■ How to complete this task ■
Within the listing that follows, reproduce exactly the lines starting at the line with "Hier finden Sie" and ending at the line with "之后把葱卷好,锅里加水大火烧", inclusive, and only those. Pictures are dropped.

■ Data for the task ■
======
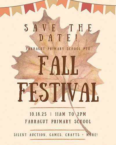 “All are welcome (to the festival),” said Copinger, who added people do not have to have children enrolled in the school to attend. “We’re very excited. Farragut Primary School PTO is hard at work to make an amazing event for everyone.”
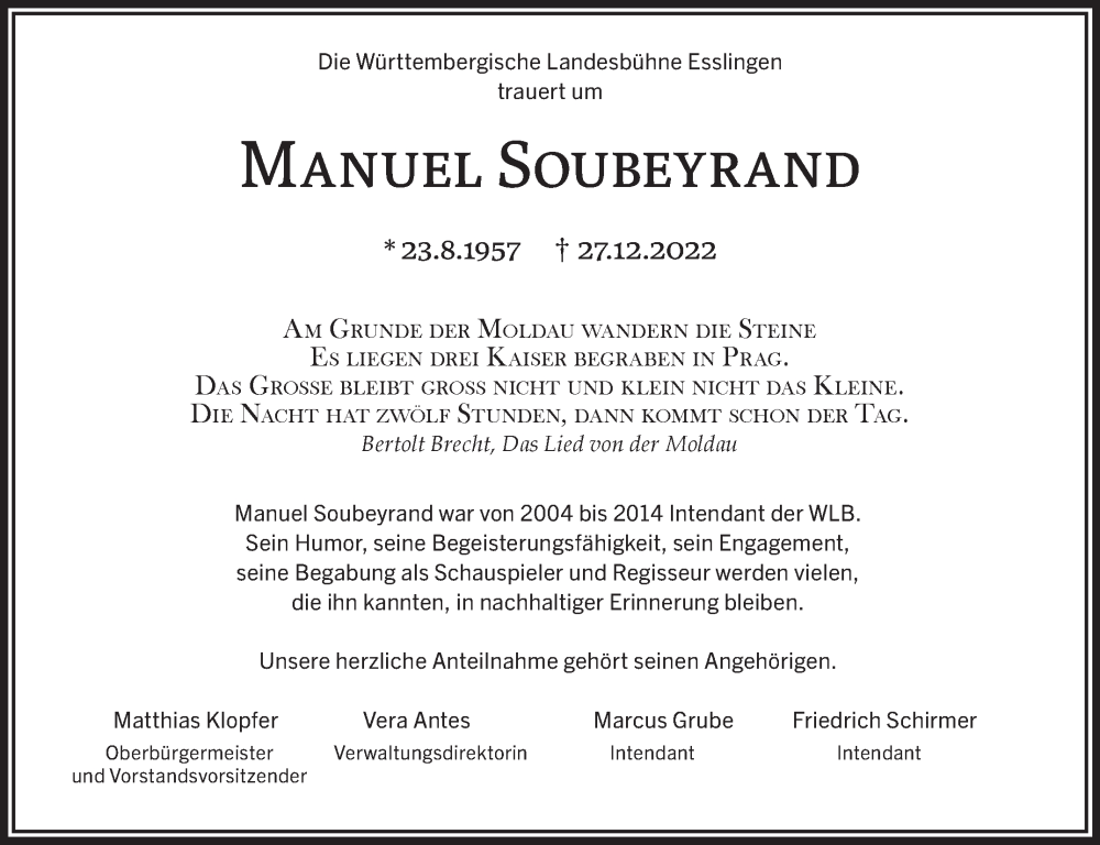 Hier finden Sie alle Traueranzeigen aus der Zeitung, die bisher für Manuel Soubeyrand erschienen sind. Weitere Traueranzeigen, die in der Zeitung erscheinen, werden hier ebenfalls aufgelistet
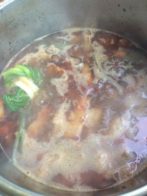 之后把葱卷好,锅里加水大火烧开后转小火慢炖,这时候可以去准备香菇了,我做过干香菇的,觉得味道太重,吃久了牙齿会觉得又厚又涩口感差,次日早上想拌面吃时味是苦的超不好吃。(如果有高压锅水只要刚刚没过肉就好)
======
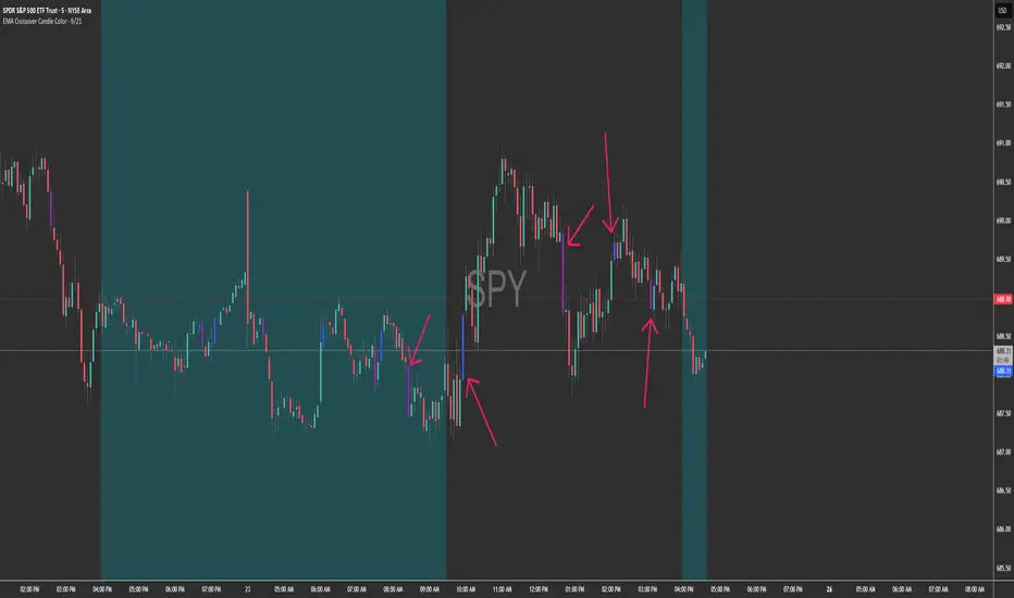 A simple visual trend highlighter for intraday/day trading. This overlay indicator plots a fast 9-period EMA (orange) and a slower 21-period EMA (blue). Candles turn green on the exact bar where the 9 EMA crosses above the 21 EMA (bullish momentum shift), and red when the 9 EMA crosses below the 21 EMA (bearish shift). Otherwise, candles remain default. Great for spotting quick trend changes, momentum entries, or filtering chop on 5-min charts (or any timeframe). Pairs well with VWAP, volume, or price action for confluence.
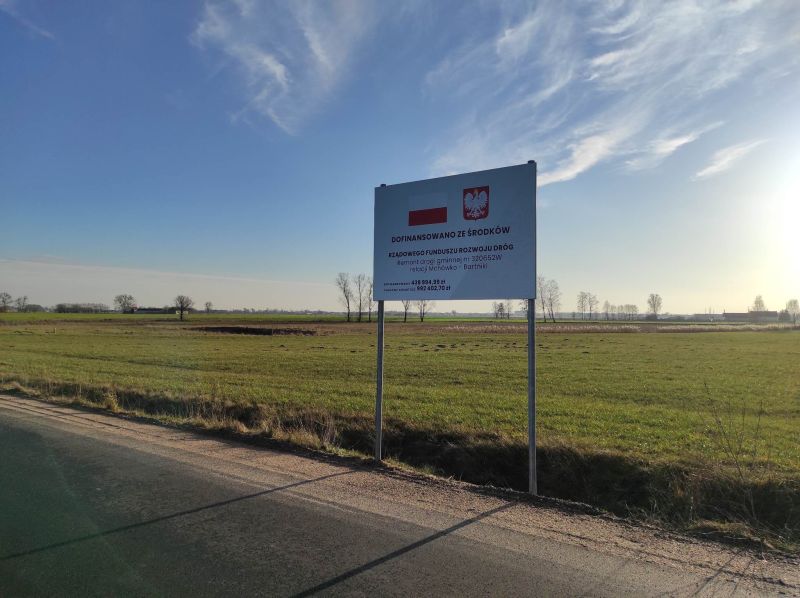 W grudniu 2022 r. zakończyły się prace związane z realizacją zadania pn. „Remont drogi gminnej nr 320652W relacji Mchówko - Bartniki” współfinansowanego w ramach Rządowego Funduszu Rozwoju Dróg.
======
■ Solution for this problem ■
 Hier finden Sie alle Traueranzeigen aus der Zeitung, die bisher für Manuel Soubeyrand erschienen sind. Weitere Traueranzeigen, die in der Zeitung erscheinen, werden hier ebenfalls aufgelistet
 之后把葱卷好,锅里加水大火烧开后转小火慢炖,这时候可以去准备香菇了,我做过干香菇的,觉得味道太重,吃久了牙齿会觉得又厚又涩口感差,次日早上想拌面吃时味是苦的超不好吃。(如果有高压锅水只要刚刚没过肉就好)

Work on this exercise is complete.